2 Fixed Fragmentation Hash Algorithm

2.1 Official Documentation

This rule is similar to the decimal modulo operation, the difference is that it is a binary operation, which is to take the lower 10 bits of the id binary (why?) .
The advantage of this algorithm is that if the modulo operation is based on decimal, when 1-10 are inserted continuously, they will be divided into 1-10 shards, which increases the difficulty of inserting transaction control, and this algorithm may be based on binary. It will be divided into consecutive shards to reduce the difficulty of transaction control

<tableRule name="rule1">
    <rule>
       <columns>user_id</columns>
       <algorithm>func1</algorithm>
    </rule>
</tableRule>

<function name="fuc1" class="org.opencloudb.route.function.PartitionByLong">
    <property name="partitionCount">2,1</property>
    <property name="partitionLength">256,512</property>
</function>

Configuration description:
partitionCount partition number list, partitionLength partition range list
Partition length: The default is a maximum of 1024, that is, a maximum of 1024 partitions are supported.
1024 = sum((count[i]*length[i])). count and length two The dot product of vectors is always equal to 1024

2.2 Personal Notes

That is, according to the above example, a table is divided into 1024 pieces, 256 pieces are taken away from the first two pieces, and 512 pieces are taken away from the third piece.
The meaning is unclear. When using string field fragmentation, according to the configured fragmentation rules, it is only related to the part of the last letter and the penultimate letter.
Only works on purely numeric columns. The benefits are understandable, it seems that it can only be applied to fields like id. As the documentation says, it is suitable for use when inserting continuously.
It remains to be seen where this sharding method is applicable

3 Scope conventions

3.1 Official Documentation

This shard is suitable for planning in advance which shard a range of shard fields belongs to.
start <= range <= end.
range start-end, data node index
K=1000, M=10000.

<tableRule name="auto-sharding-long">
    <rule>
        <columns>user_id</columns>
        <algorithm>rang-long</algorithm>
    </rule>
</tableRule>
<function name="rang-long" class="org.opencloudb.route.function.AutoPartitionByLong">
    <property name="mapFile">autopartition-long.txt</property>
    <property name="defaultNode">0</property>
</function>

    0-500M=0
    500M-1000M=1
    1000M-1500M=2

3.2 Personal Notes

Groups adjacent data of numeric types together. If you can obtain which shard table a certain piece of data is in, you can simplify the global sorting (you need to check it out )
**Will the value of the sharding basis change beyond the sharding limit, will it be redistributed? (Verification required)**

The column of data on which the sharding is based cannot be changed, and its usefulness is instantly reduced.

4 modulo

4.1 Official Documentation

This rule is the modulo operation on the shard field.

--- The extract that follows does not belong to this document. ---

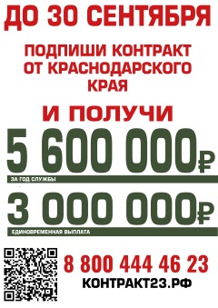 ![]() 24.09.2025 В Краснодарском крае действуют одни из самых выгодных условий для заключения контракта с МинобороныДо 30 сентября размер единовременной выплаты при подписании контракта увеличен до 3 млн рублей. За первый год службы военнослужащий сможет получить до 5,6 млн рублейПреимущества подписания контракта в Краснодарском крае:- Трансфер из любого региона России- Оснащение современной экипировкой- Профессиональная подготовка и обучение- Бесплатное проживание и питание во время комиссии и оформления- Страхование жизни до 12 млн рублей- Получение статуса «Ветеран боевых действий»Более подробную информацию можно узнать на сайте: контракт23.

<tableRule name="mod-long">
    <rule>
        <columns>user_id</columns>
        <algorithm>mod-long</algorithm>
    </rule>
</tableRule>
<funciton name="mod-long" class="org.opencloudb.route.function.PartitionByMod">
    <property name="count">3</property>
</funciton>

This configuration clearly performs decimal modulo operation according to the id. Compared with the fixed shard hash, this method may insert a single thing into multiple data shards in batches during batch insertion, which increases the difficulty of error consistency.

4.2 Personal Notes

Where are the disadvantages, what are the advantages? ?

5 Shard by date (day)

5.1 Official Documentation

<tableRule name="sharding-by-date">
    <rule>
        <columns>create_time</columns>
        <algorithm>sharding-by-date</algorithm>
    </rule>
</tableRule>
<function name="sharding-by-date" class="org.opencloudb.route.function.PartitionByDate">
    <property name="dateFormat">yyyy-MM-dd</property>121
    <property name="sBeginDate">2014-01-01</property>
    <property name="sEndDate">2014-01-02</property>
    <property name="sPartionDay">10</property>
</function>

If sEndDate is configured, it means that after the data reaches the shard of this date, the loop will be inserted from the beginning shard.

5.2 Personal Notes

what what? ? ? The documentation is unclear, you need to try it out in detail.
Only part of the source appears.